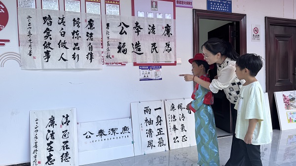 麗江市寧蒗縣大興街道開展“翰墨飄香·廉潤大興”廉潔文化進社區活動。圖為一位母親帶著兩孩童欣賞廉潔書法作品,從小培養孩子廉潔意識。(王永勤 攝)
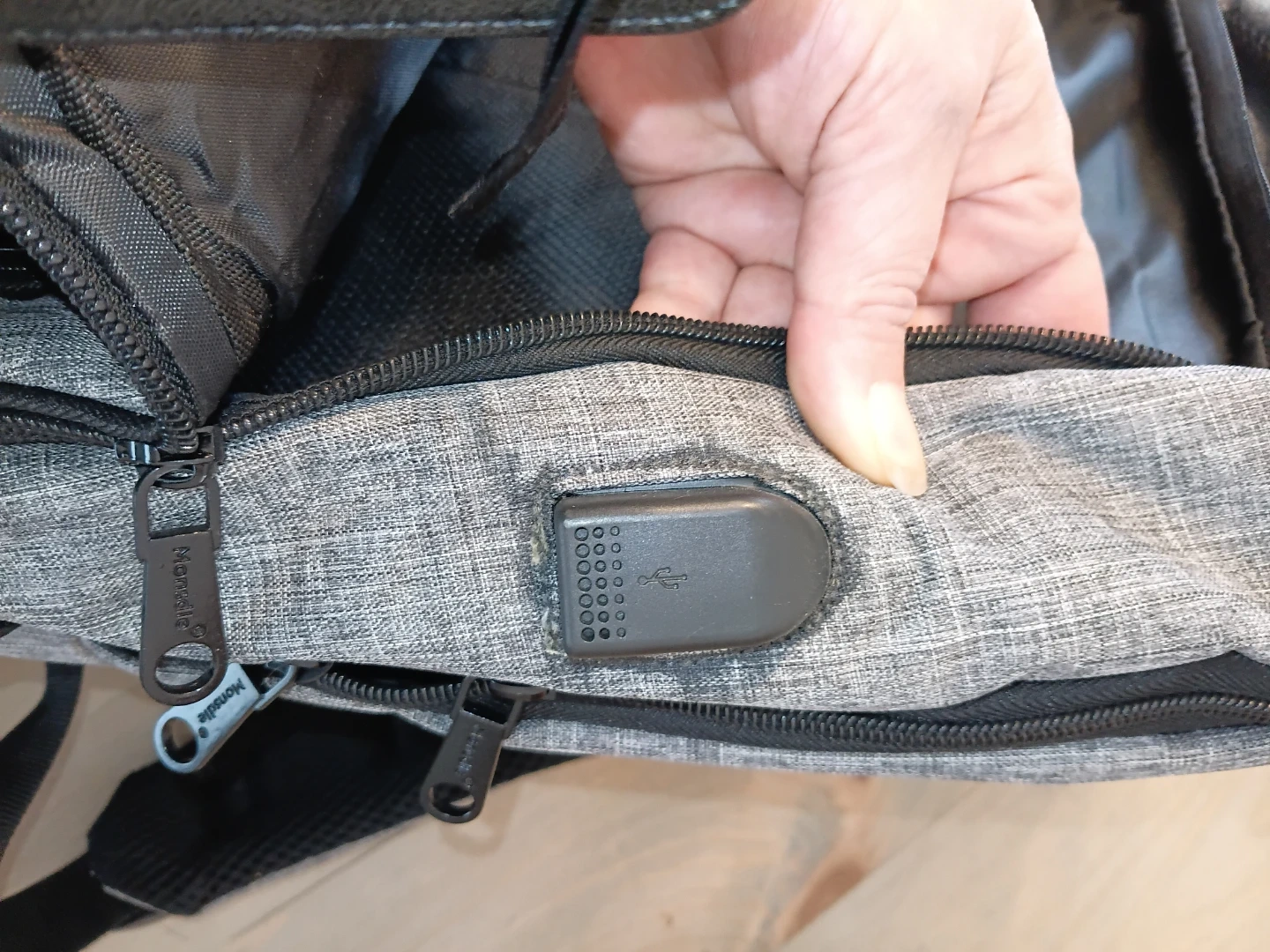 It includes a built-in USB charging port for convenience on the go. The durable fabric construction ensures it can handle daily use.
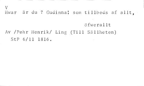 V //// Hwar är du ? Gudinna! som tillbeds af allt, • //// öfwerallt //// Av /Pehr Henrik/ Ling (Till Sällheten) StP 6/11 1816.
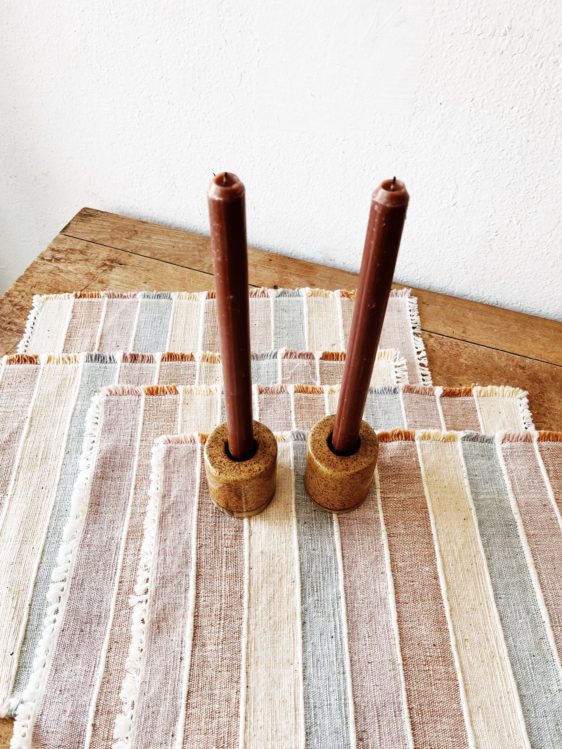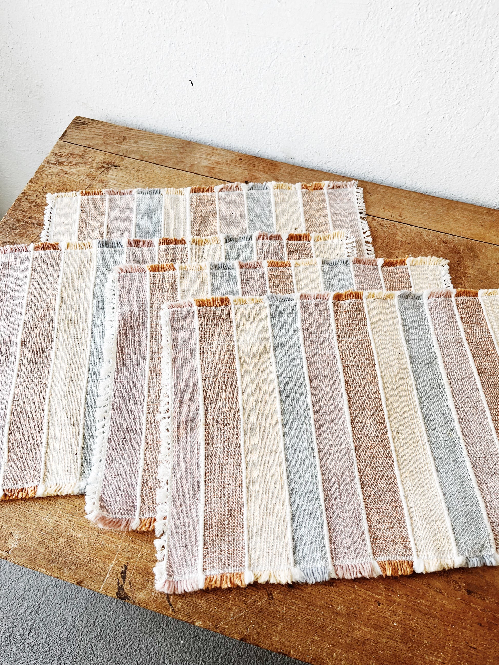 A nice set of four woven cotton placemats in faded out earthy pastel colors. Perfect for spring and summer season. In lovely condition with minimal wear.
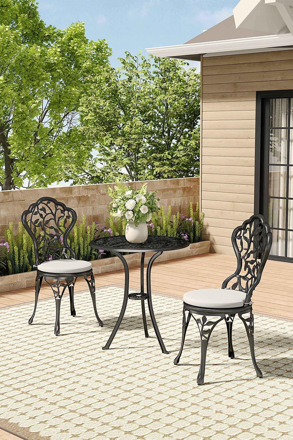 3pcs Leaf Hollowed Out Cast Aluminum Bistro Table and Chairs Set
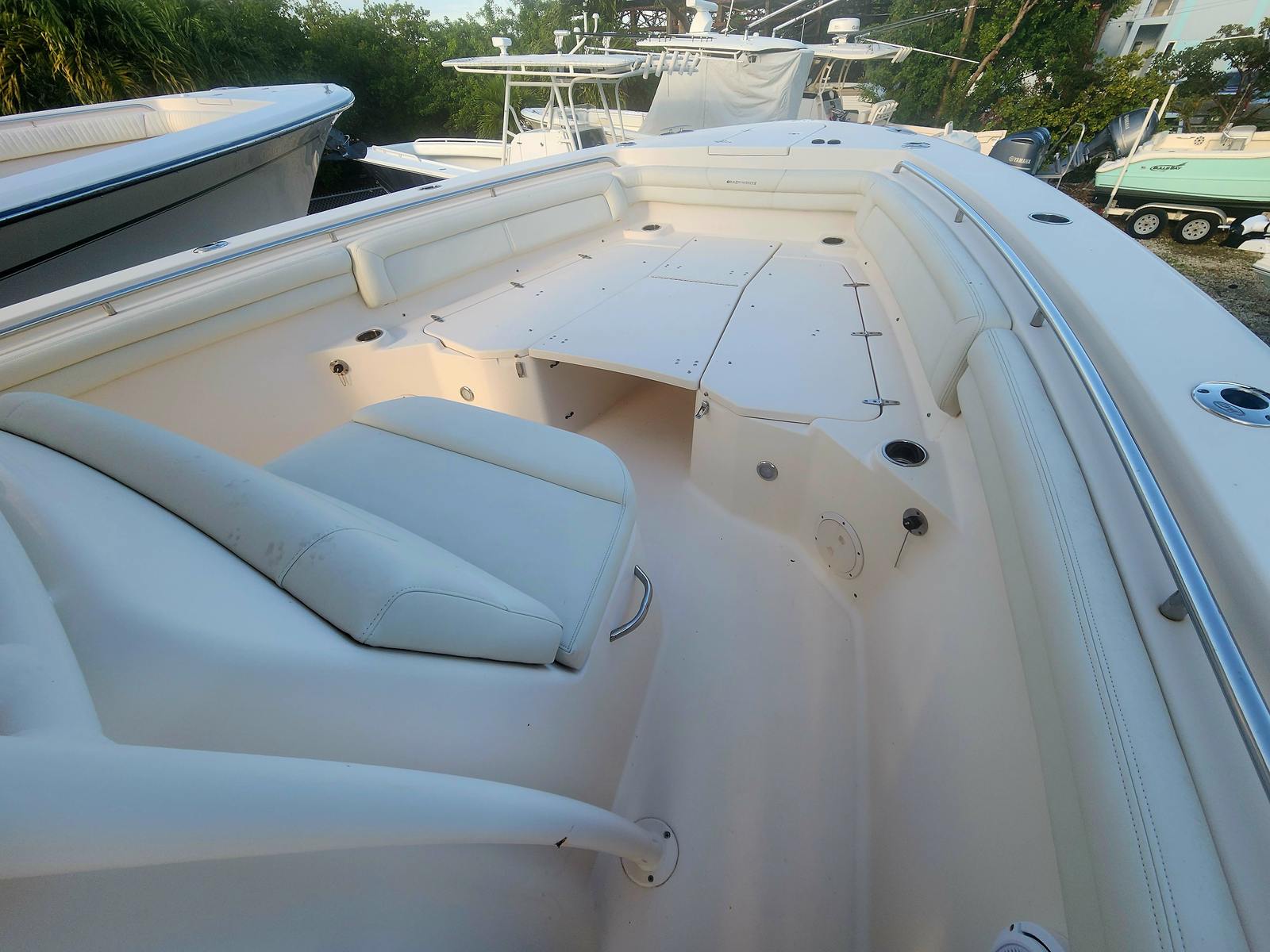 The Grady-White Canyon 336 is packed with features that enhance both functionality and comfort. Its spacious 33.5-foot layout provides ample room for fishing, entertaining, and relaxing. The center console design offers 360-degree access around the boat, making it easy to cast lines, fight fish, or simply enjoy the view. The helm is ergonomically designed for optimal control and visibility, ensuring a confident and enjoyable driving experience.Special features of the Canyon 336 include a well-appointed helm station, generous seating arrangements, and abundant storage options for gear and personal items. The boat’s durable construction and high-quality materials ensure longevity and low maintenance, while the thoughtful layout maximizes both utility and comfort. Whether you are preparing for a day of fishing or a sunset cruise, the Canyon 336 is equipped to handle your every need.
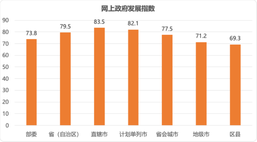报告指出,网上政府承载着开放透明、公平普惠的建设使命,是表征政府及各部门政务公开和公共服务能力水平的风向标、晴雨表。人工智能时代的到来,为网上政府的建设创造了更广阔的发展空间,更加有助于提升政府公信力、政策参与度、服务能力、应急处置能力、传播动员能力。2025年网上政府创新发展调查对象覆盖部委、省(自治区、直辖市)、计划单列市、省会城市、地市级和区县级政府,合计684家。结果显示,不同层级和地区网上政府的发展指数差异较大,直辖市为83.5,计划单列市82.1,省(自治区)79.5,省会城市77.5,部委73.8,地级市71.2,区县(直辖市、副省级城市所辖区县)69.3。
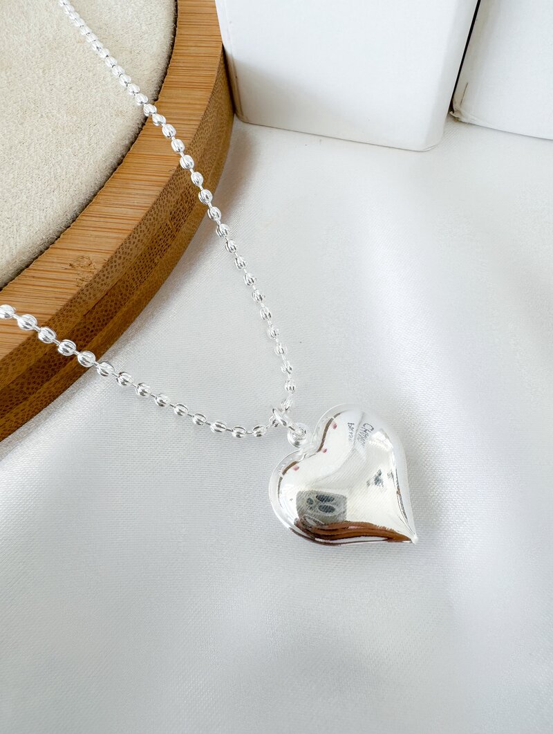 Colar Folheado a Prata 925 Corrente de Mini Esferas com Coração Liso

--

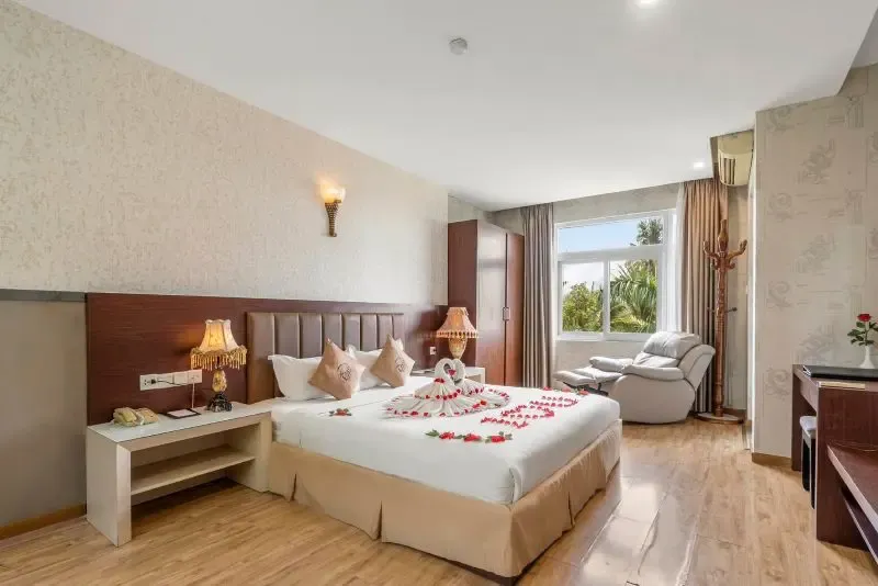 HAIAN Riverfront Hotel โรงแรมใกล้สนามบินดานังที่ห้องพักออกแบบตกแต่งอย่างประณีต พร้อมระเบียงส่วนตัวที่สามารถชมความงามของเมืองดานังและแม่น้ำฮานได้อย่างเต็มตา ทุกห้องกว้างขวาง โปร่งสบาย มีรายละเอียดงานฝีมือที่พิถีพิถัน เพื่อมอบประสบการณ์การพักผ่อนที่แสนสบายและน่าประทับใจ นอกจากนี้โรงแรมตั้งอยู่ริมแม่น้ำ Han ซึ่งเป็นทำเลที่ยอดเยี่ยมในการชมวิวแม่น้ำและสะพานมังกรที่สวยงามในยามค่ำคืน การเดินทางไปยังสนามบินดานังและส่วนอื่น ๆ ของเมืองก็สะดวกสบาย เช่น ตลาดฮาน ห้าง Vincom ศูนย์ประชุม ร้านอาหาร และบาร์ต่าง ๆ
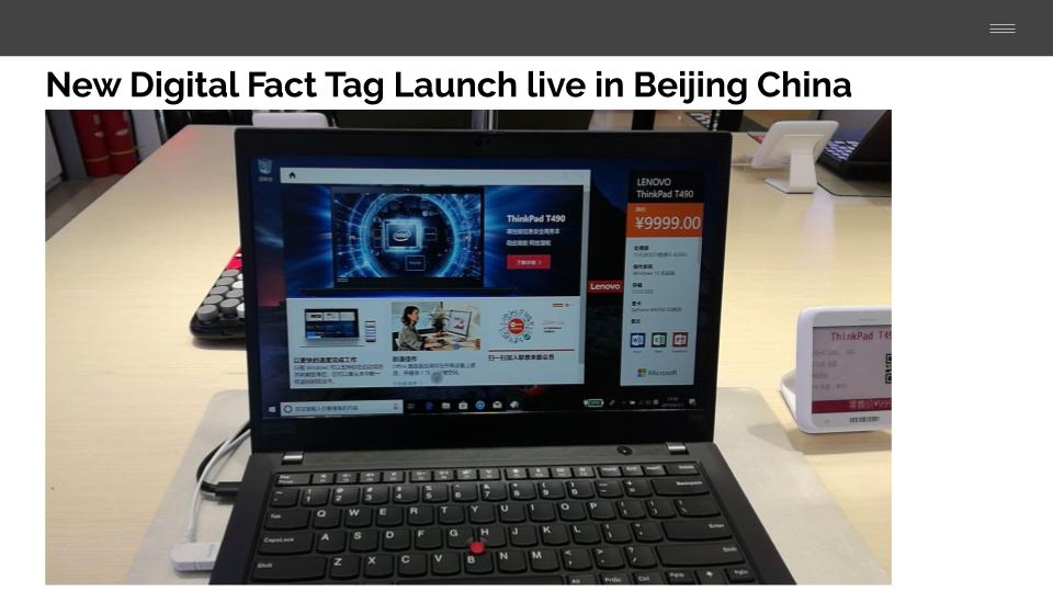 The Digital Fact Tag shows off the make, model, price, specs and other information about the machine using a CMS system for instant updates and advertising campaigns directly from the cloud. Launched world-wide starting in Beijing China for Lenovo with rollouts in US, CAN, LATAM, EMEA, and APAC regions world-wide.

* * *

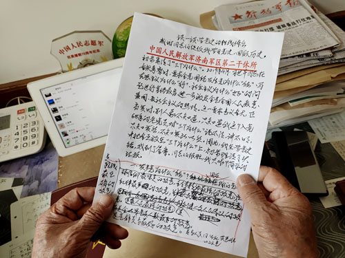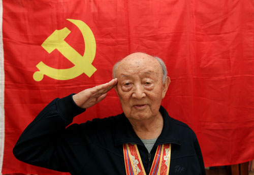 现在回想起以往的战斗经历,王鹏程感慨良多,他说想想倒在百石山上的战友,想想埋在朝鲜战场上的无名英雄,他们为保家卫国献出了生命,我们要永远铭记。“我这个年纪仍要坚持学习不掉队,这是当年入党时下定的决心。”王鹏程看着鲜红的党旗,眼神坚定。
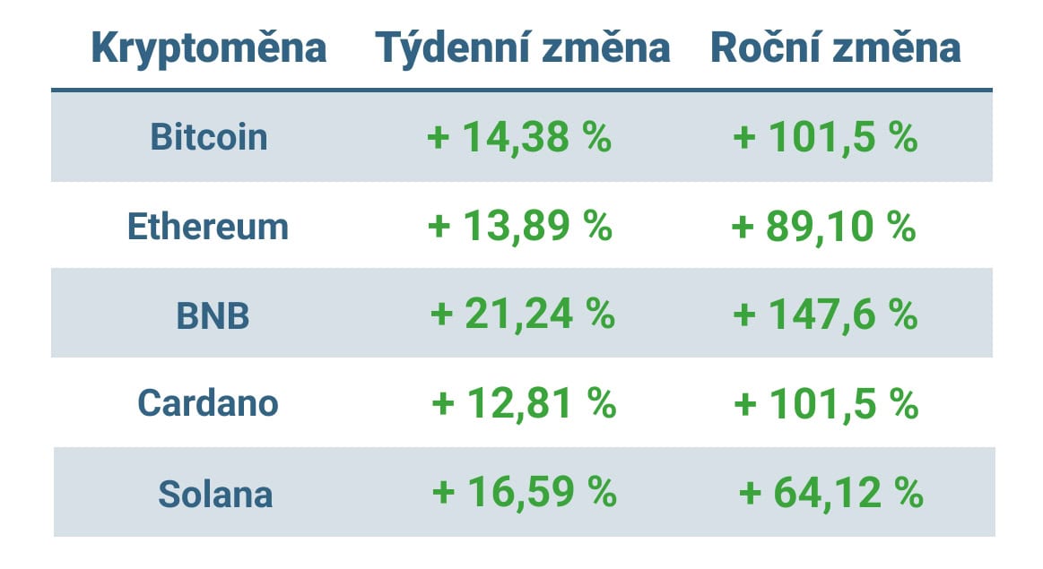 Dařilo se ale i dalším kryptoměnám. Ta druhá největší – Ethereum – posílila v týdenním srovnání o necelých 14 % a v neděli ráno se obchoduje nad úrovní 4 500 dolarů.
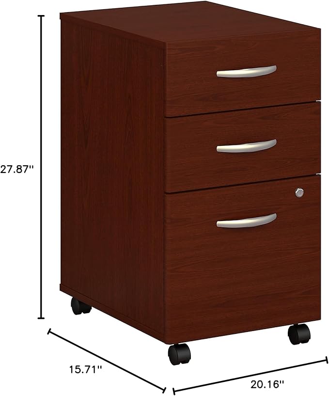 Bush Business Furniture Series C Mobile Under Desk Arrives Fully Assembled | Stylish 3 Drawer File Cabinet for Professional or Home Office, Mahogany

The problem:
Starting with the line that contains "报告指出,网上政府承载着开放" and finishing with the line that contains "Colar Folheado a", reproduce every line of the material above exactly, but not the pictures.

Written solution:
报告指出,网上政府承载着开放透明、公平普惠的建设使命,是表征政府及各部门政务公开和公共服务能力水平的风向标、晴雨表。人工智能时代的到来,为网上政府的建设创造了更广阔的发展空间,更加有助于提升政府公信力、政策参与度、服务能力、应急处置能力、传播动员能力。2025年网上政府创新发展调查对象覆盖部委、省(自治区、直辖市)、计划单列市、省会城市、地市级和区县级政府,合计684家。结果显示,不同层级和地区网上政府的发展指数差异较大,直辖市为83.5,计划单列市82.1,省(自治区)79.5,省会城市77.5,部委73.8,地级市71.2,区县(直辖市、副省级城市所辖区县)69.3。
 Colar Folheado a Prata 925 Corrente de Mini Esferas com Coração Liso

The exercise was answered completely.